- **WHAT YOU ARE ASKED TO DO**:
Using the listing below, output only the lines from the one that contains "元気カラー🧡🩷🧡 3月末頃の寄せ植えになります♪︎ 🧡アロンソア" through the one that contains "Enhance your kitchen", inclusive, exactly as given and without images.

- **THE DATA**:
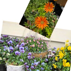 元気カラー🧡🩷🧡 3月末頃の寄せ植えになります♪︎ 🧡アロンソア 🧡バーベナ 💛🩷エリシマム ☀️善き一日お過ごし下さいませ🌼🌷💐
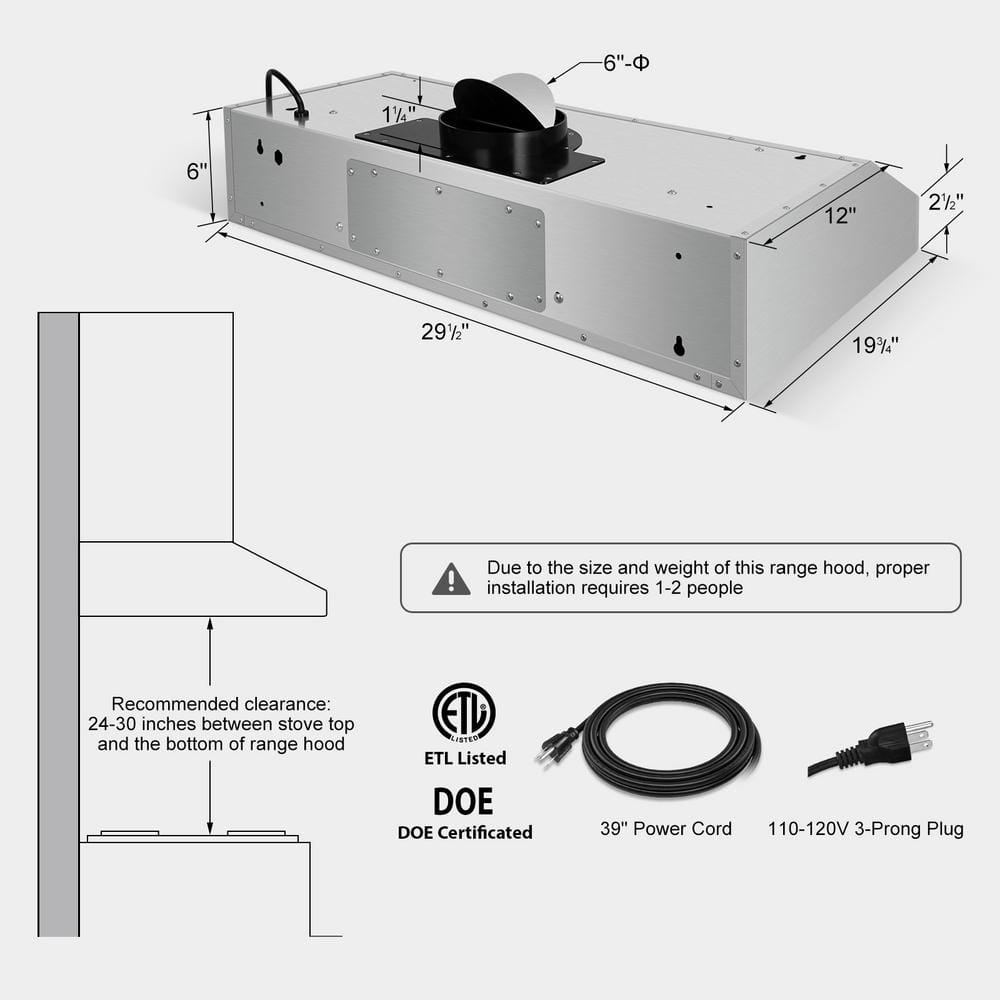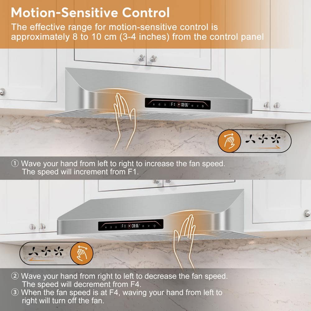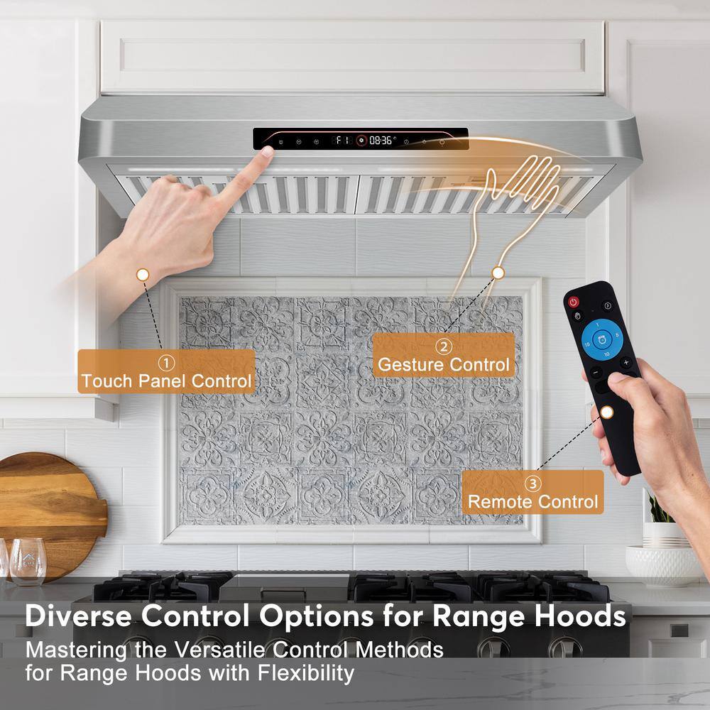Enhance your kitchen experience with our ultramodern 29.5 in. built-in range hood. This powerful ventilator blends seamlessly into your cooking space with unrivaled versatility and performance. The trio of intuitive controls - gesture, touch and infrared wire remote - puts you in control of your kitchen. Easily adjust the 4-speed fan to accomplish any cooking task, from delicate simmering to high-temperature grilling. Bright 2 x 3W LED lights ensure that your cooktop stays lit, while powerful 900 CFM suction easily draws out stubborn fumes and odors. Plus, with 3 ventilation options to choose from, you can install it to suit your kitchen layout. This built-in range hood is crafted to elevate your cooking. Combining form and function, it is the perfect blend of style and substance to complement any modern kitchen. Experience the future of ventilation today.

* * *

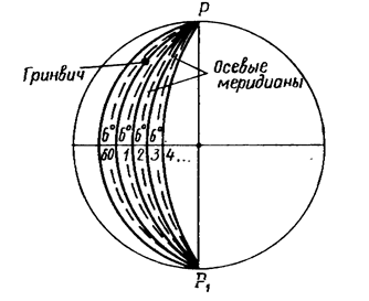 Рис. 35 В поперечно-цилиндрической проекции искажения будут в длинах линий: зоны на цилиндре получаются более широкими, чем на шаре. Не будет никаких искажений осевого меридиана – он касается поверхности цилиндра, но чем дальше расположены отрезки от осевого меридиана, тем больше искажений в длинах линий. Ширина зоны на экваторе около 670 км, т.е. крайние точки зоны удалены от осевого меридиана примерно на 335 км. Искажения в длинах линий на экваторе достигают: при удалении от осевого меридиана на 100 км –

---

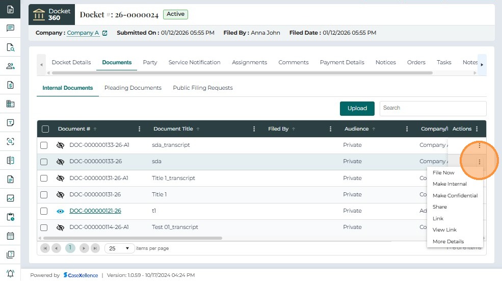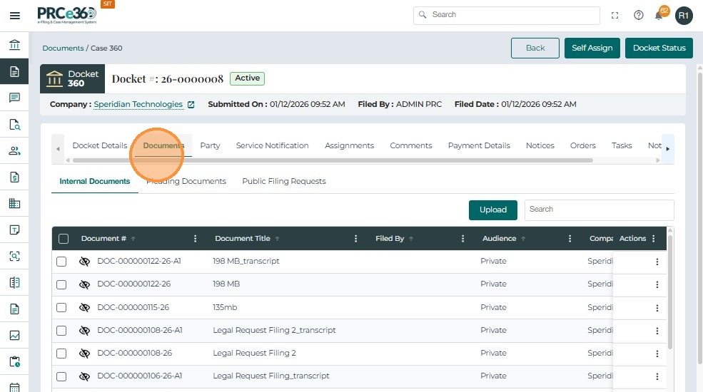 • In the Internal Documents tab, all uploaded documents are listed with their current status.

- **ANSWER TO THE PROBLEM**:
 元気カラー🧡🩷🧡 3月末頃の寄せ植えになります♪︎ 🧡アロンソア 🧡バーベナ 💛🩷エリシマム ☀️善き一日お過ごし下さいませ🌼🌷💐
Enhance your kitchen experience with our ultramodern 29.5 in. built-in range hood. This powerful ventilator blends seamlessly into your cooking space with unrivaled versatility and performance. The trio of intuitive controls - gesture, touch and infrared wire remote - puts you in control of your kitchen. Easily adjust the 4-speed fan to accomplish any cooking task, from delicate simmering to high-temperature grilling. Bright 2 x 3W LED lights ensure that your cooktop stays lit, while powerful 900 CFM suction easily draws out stubborn fumes and odors. Plus, with 3 ventilation options to choose from, you can install it to suit your kitchen layout. This built-in range hood is crafted to elevate your cooking. Combining form and function, it is the perfect blend of style and substance to complement any modern kitchen. Experience the future of ventilation today.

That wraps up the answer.